Sams Wilson, INST 742 Spring 2023
For this project, I was originally inspired by Mapping Inequality, an initiative that collects redlined maps from across the country and layers them on top of a map of the US as we know it today. While I'm admittedly not well read on redlining itself, I was curious to see if I could find any correlation between the dataset derived from the 1911 Charlotte, NC city directory and the zones assigned to the city of Charlotte in 1937 by the HOLC (Home Owners' Loan Corporation), the authority that developed the loan policy that came to be known as redlining.
Specifically, I wanted to see to what extent racial and economic divisions that already existed in 1911 lined up with the zones developed by the HOLC 25 years later. Additionally, I wanted to see if these divisions persisted even further into the future when urban renewal came about in the 60's and 70's.

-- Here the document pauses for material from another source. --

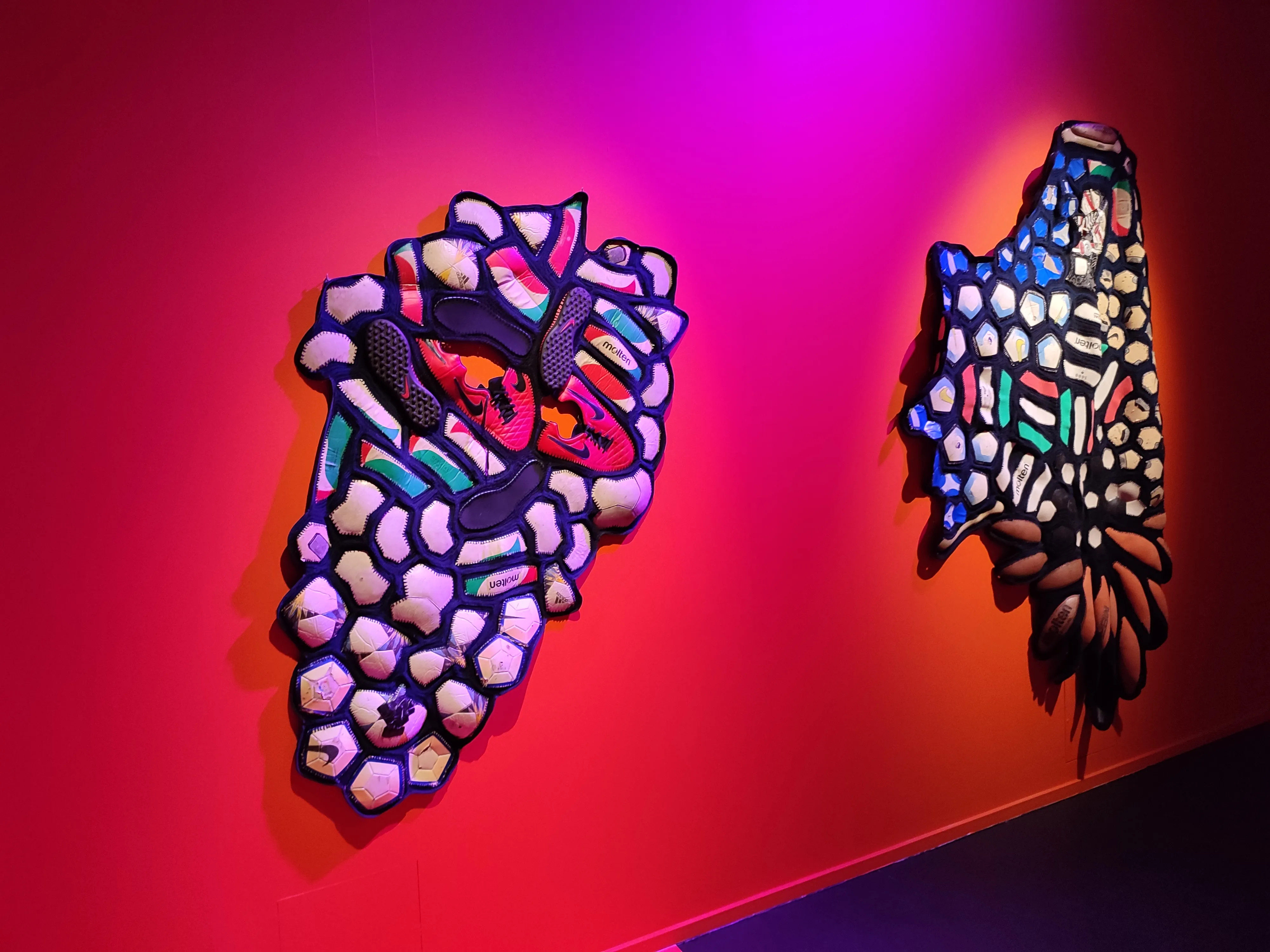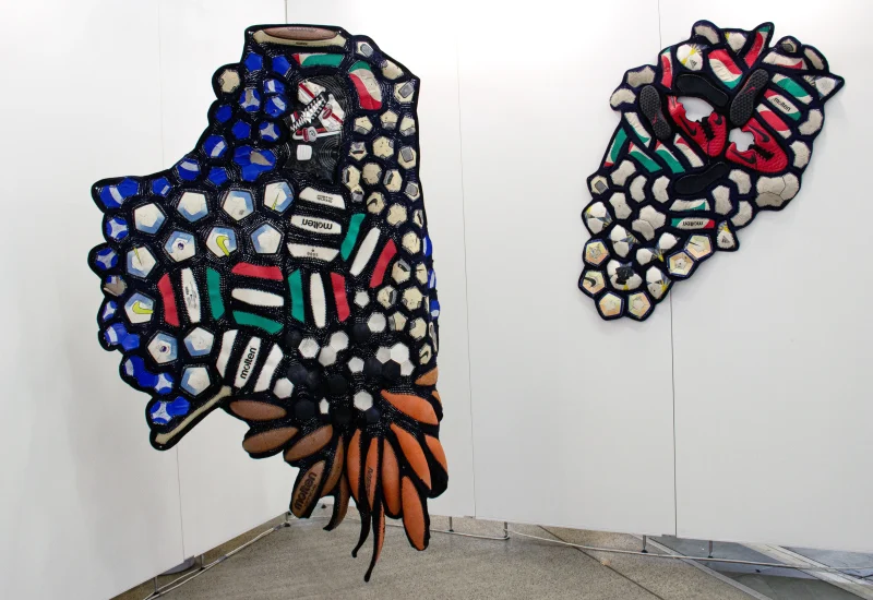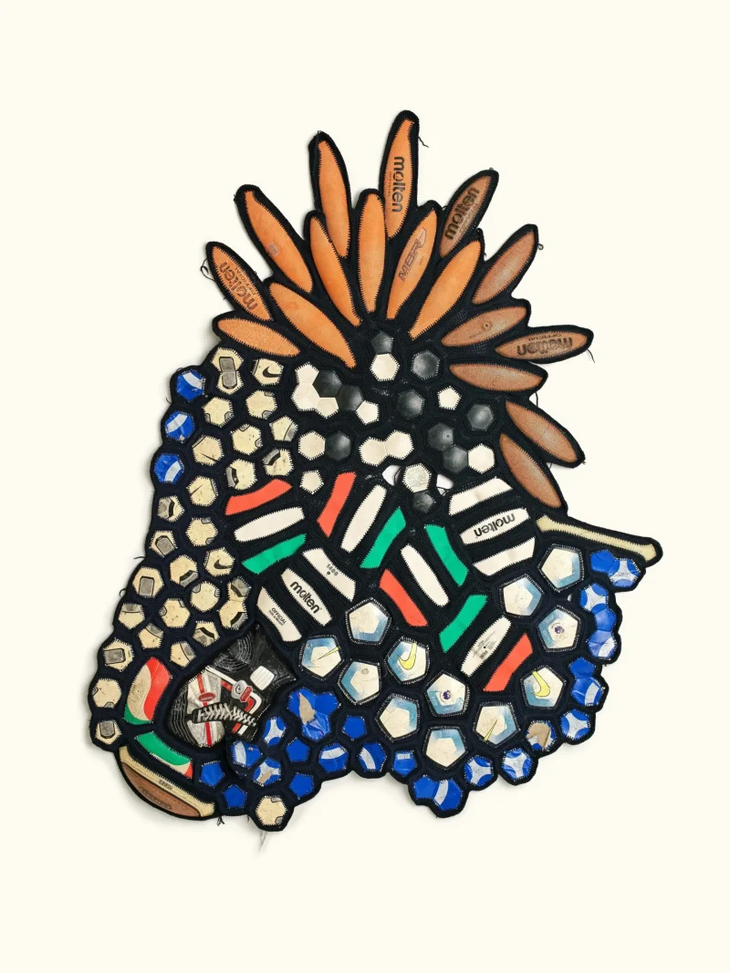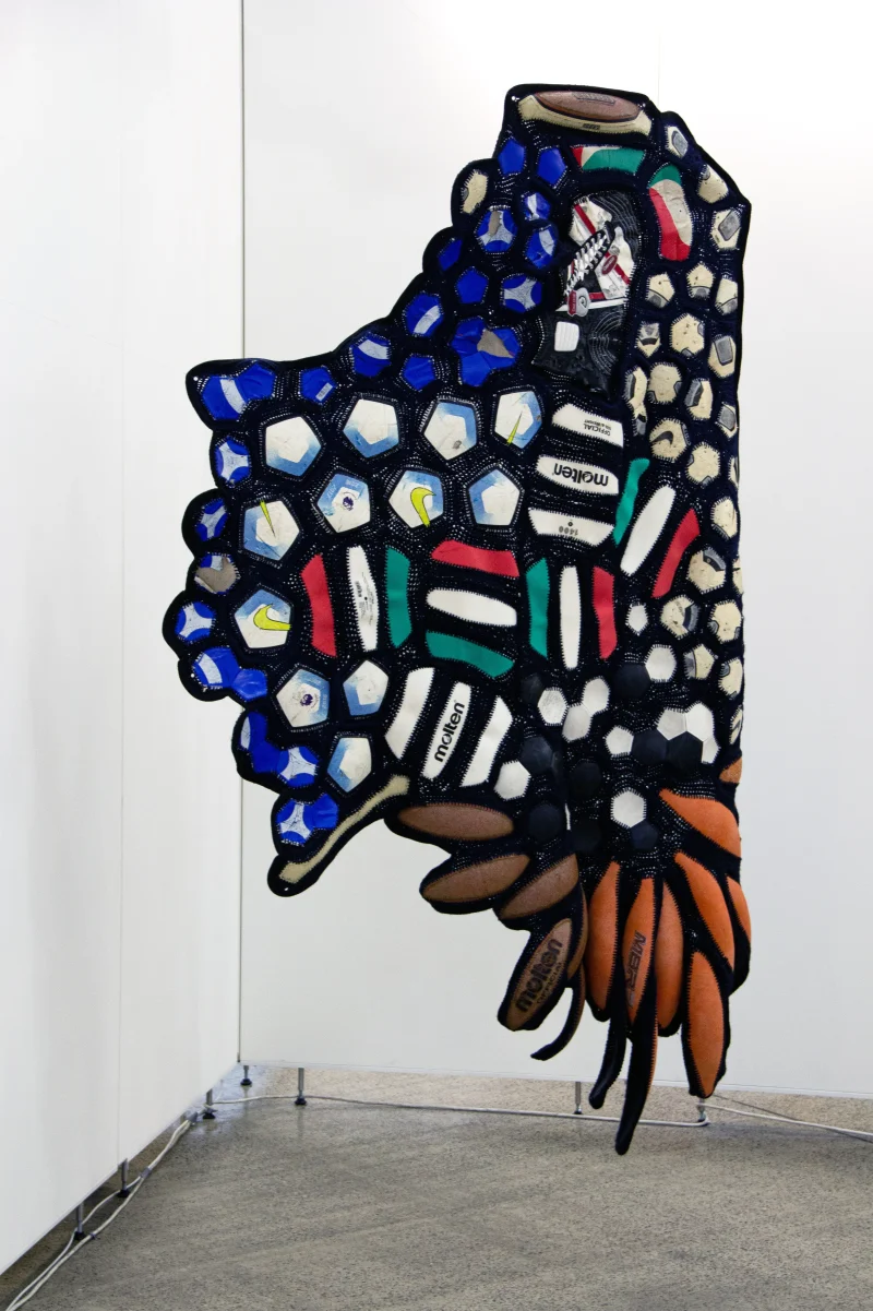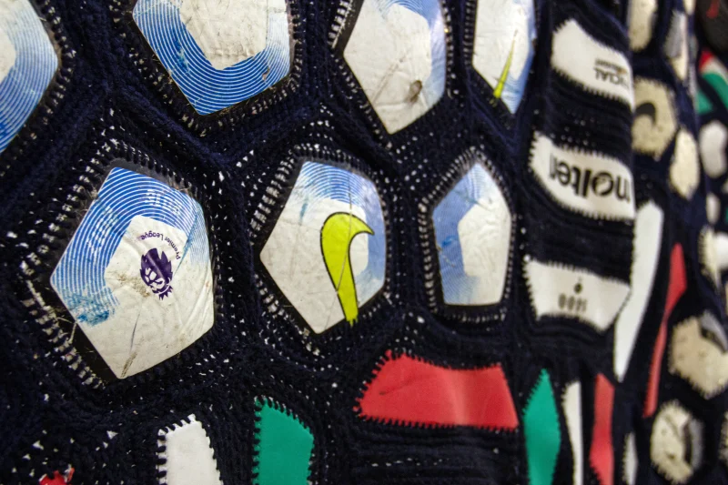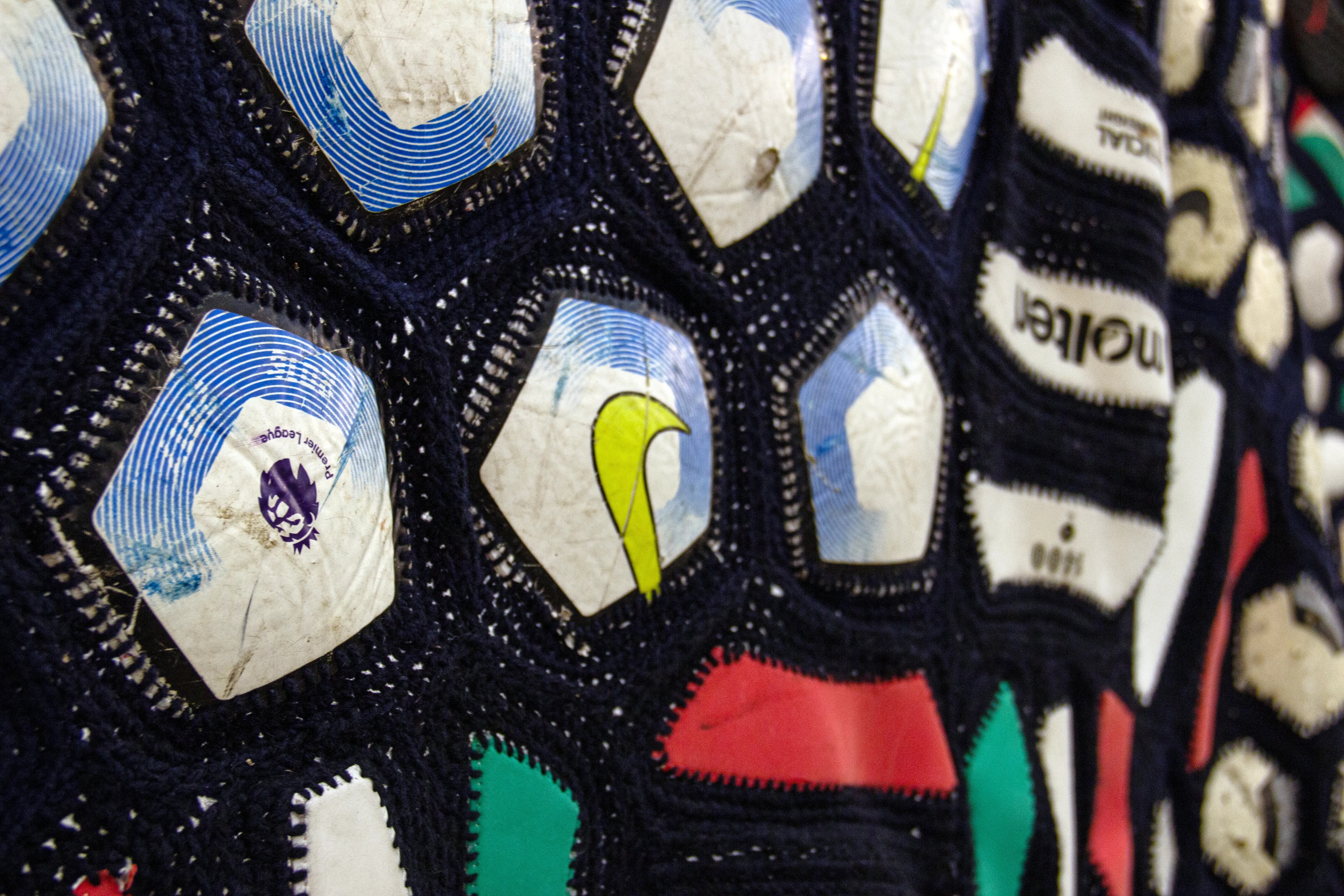 All the objects from this series have been created from difficult items related to sports: basketballs and footballs, sports trainers, and socks, etc. Everything not to be used during the #stayathome period. Most of the objects used in the installation was the equipment for team sports that became redundant when the training was moved to the indoors and on the carpet. Therefore, the appearance of textile in this work is a conceptual reference to the absurdity of the indoor sports (on the carpet).

To accomplish this, I plotted valid addresses from the 1911 Charlotte dataset (5,632 of them) into QGIS and overlayed a redlined map from 1937 and an urban renewal map from 1972. I used the redline map to add to my original dataset as well.
Beyond seeing what observations I could make, I also wanted to see what the effect of visualizing data like this could be. There's something impactful about seeing divisions within a population in 1911 influence a city's development sixty years later. When a map shows people living in a neighborhood that you know is going to be made into a highway in the future, history feels a lot more personal and alive.
Data Practices - In this case almost all of the data had been supplied to me, except for one of the maps I used. So a lot of what I was doing was manipulating and visualizing data, seeing what it would look like when run through a prticular program. I did a little bit of creation at the end, but it's more like combining already existing data than true creation.
Modeling and Simulation Practices - Using QGIS helped model the 1911 dataset in an interesting way, taking people out of a spreadsheet and showing where they actually lived. It was a challenge at first to design and construct what I actually wanted to do, but as I learned more about the program and its capabilities, things got easier.
Computational Problem Solving Practices - While I chose QGIS as my computational tool, there are probably better ones out there to tell a story using this data. There was a lot of troubleshooting that I had to work through, but it helped me beef up my understanding of the data and the software in the end.
Systems Thinking Practices - The benefit of using something like QGIS is that you can layer everything on top of each other, putting all the relationships between things right there in front of you. I have a couple examples of this when I show how everything was plotted in the next notebook. Jupyter Notebooks is also a helpful way to communicate information about the system.